Spread betting throughout the United Kingdom – Risks, rewards and responsibility

What is spread betting?

Spread betting, a type of betting, is unique compared to other forms of wagering such as parimutuel or fixed-odds betting, in that the payout at the end is dependent on the wager’s accuracy rather than the outcome. The term spread comes from the idea concept that the aforementioned spread relates to the varying degree of outcomes. The bet is then placed on where the outcome will be in relation to the spread.


It was initially invented by a former bookmaker by the name of Charles K. McNeil. In recent years, particularly in the United Kingdom, financial spread betting is the largest part of this market. This may in part be due to the fact that, in the UK and Europe, the profit garnered is exempt from taxation. The relevant tax authorities in these areas consider financial spread betting not as an investment, but rather as a gamble. The profits are therefore exempt even from income tax if the trader in question is able to prove that they do not live entirely off of their spread betting profits.

Who does it?

There are many companies involved in spread betting. An example of this is CMC Markets, based in the UK. Founded in 1989, they trade in spread betting among other aspects. While their headquarters are in London, CMC Markets has over 10 different international offices worldwide.

As it is a fast-growing industry within the UK and across other places, the question is raised of how this is possible. Trading within spread betting is vast, ranging from shares, to other commodities and currencies. Unlike other forms of wagering, you needn’t pay a commission fee or even stamp duty.

How does it work?

Based on how you think the market is going to change, you place a bet of a certain amount of money per movement “point” of the item in question. What this means is that, if you decide to bet £10 per point on a commodity you expect to increase in value, you will win £10 for each point of movement in your favoured direction.

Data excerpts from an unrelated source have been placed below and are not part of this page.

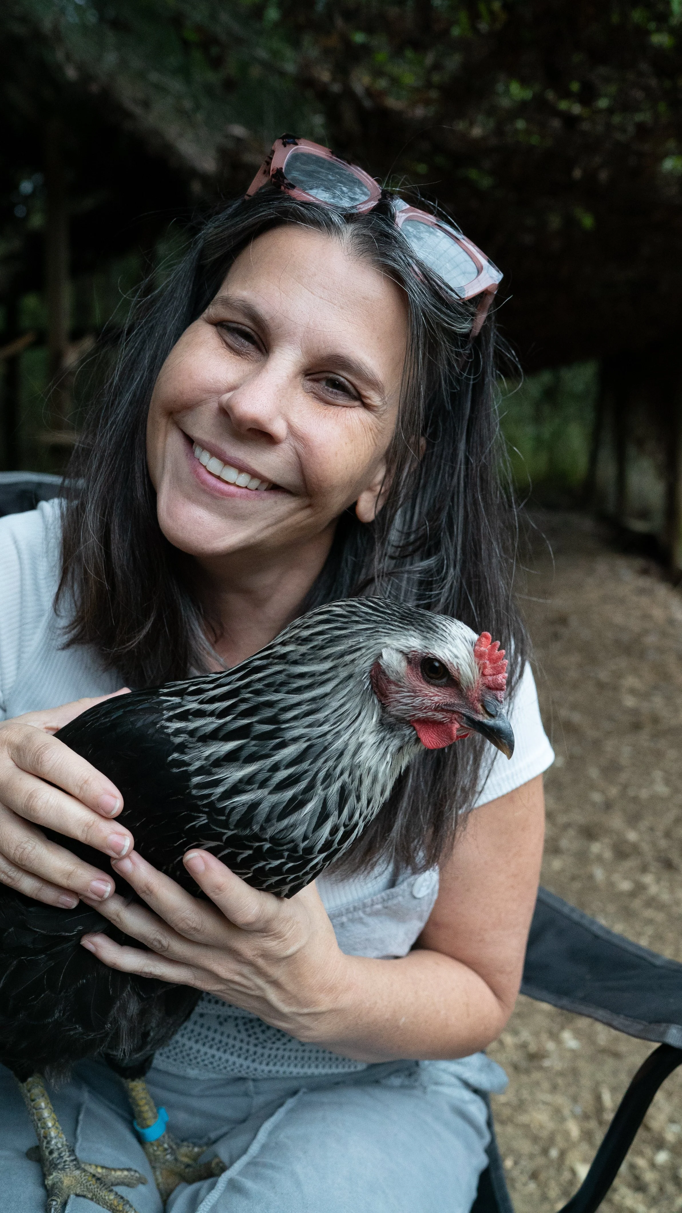 You might find Jenn offering tea ceremonies on the breezy screened porch overlooking the trees… or down in the chicken coop, laughing and handing treats to the beloved flock (yes, you’ll meet Batman, FeFe, Sesame, Todd Pecker, Red, Harley, FloJo, Udaho, Octavia, J.S. Bach, Truddles, Goatski, Pee Wee, Houdini, Bubby, and Sweetums).
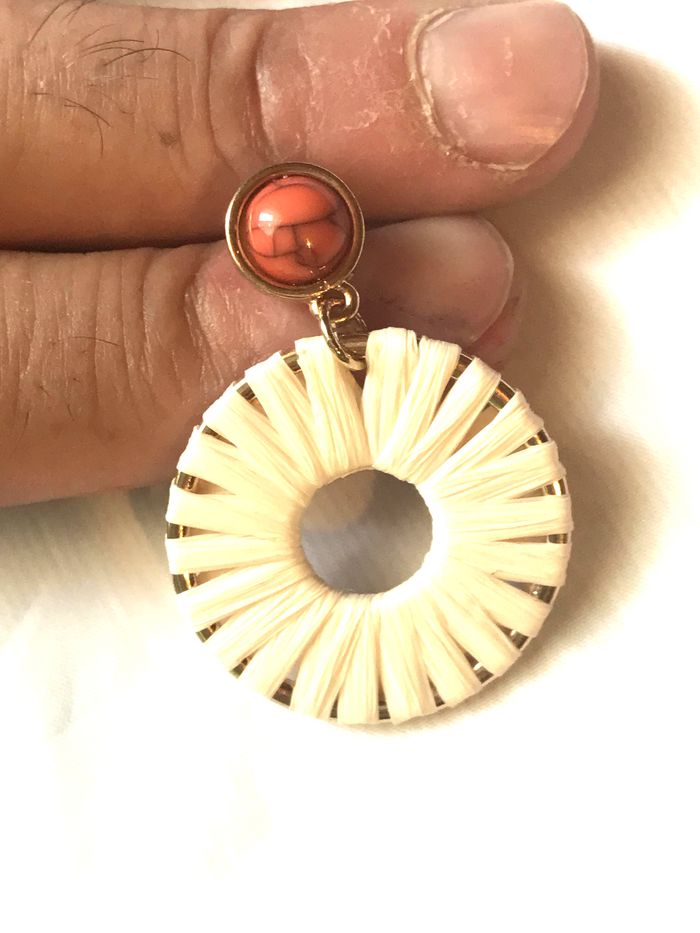 Boucles Oreilles Pendantes Pierre Ronde Rouge Cercle Tissé Fil Blanc Bijoux Dorés Fantaisies Femmes
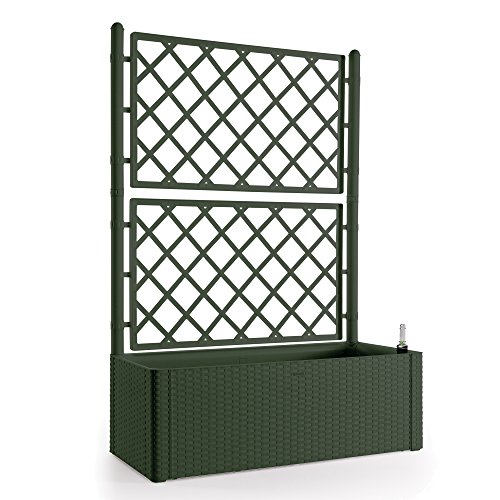 STEFANPLAST 96156-08 - Jardinera rectangular con respaldo, Marrón Oscuro, 80 ltStefanplast stf703 Jardinera Deluxe con espaldera, Verde

Your profit (or even loss of money) is magnified by your chosen stake. However, should your chosen commodity start to decline in value, you will lose money. Therein lies the problem.

The actual mathematical analysis of spread betting is fast-growing within mathematics. Different sports may use different systems of points for their growth margins, such as Skellam statistics.

What is the problem with spread betting?

As is the case with any form of wagering, there is always a risk. With spread betting in particular, it is possible for a trader’s losses to end up greater than the money they initially placed on the item. Whilst one’s profits will be magnified, one’s losses will also be too. That could potentially put many people into serious debt, rather than simply losing money that has already been staked on the wager.

An example of this risk happened quite recently. Another UK-based financial derivatives company, IG Group, founded in 1974, lost almost £18,000,000 back in January 2015. What caused this problem was the Swiss National Bank’s announcement that they would be abolishing their currency ceiling and minimum exchange rate policy. This caused a steep increase in the value of the Swiss franc and led to the collapse of currency brokerages as a result. This brought control and assurance within spread-betting under close scrutiny. Many hundreds of customers of IG Group were affected by this loss. A customer, whose name will not be given, had his £2 stake turned into a loss of over £5,000, and this was not the greatest loss. IG Group accepted the following ruling by a governing service that they would have to compensate at least some of the customers that lost money during that time.

What will become of spread betting in the future?

With the current climate of the recession, and with Brexit’s long-term effects looming over the United Kingdom, one could argue that this may lead to more spread betting and, by extension, more opportunities for loss such as what happened in Switzerland.